According to David Albright, a physicist and the founder and president of the Institute for Science and International Security, Parchin has some of the most sophisticated ballistics technology in Iran, including slow-motion diagnostic cameras needed for the close analysis of projectiles and explosives. Parchin is the only place in Iran known to have these research and development capabilities - which means that if Iran were still trying to develop a trigger for a future nuclear device, it would be doing it either at Parchin or at some other, as-et undiscovered complex.
"It's the logical place for it to occur because you need special facilities to handle high explosives, bunkers to store them, diagnostic equipment to analyze the experiments ... and it's not easy to create that infrastructure," Albright told Business Insider. Parchin might even have a high-explosives chamber where Iranian researchers may once have been planning to test a mock-up of an atomic bomb, Albright explained.

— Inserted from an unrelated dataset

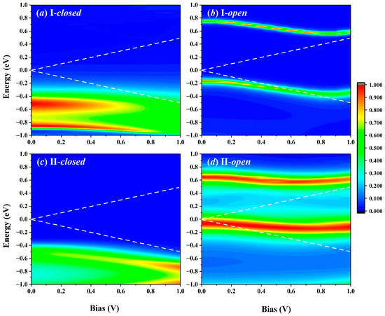 The bias-dependent transmission spectra (Figure 4) show more details on the electronic transport. A significant transmission peak in the open configuration of I and II is observed at the energy position of −0.12 eV, with the bias increase within the range of [0.00 V, 1.00 V], which moves closer to the Fermi level. As is well known, the current value is obtained according to the Landauer–Büttiker formula [45]. The transmission peak of the I-open configuration is narrower than that of the II-open configuration and enters the bias window later. Hence, the II-open configuration shows the most significant current value at the same bias. In contrast, with I-closed, the transmission peak of the II-closed configuration is relatively far from the Fermi level (below −0.40 eV), indicating the lower current value at the same bias in four configurations. The combination of the transmission peak located in the vicinity of the Fermi level and the broadened transmission peak near 0.65 eV results in an extremely high current value of the II-open configuration.

But proof of any of these activities ceased years ago, according to Albright. The ban on IAEA inspectors aside, he thinks it's unlikely that Iran is continuing with the kind of research and development it was performing at Parchin before the US and others went public with their suspicions of the facility's purpose in 2004.
That doesn't mean the site isn't of interest to potential saboteurs or international inspectors, though. "The people there may have had some significance. People who worked in these alleged activities may still be there. and some of the buildings are still there."
Understanding Iran's capabilities at Parchin is impossible without the site being opened to inspectors, Albright says. "You need an Iranian decision to cooperate to really understand these activities," he says. "They're very small-scale and really hard to detect."
If yesterday's explosion was sabotage, at least player in the Iranian nuclear drama is still deeply suspicious of whatever's still going on there.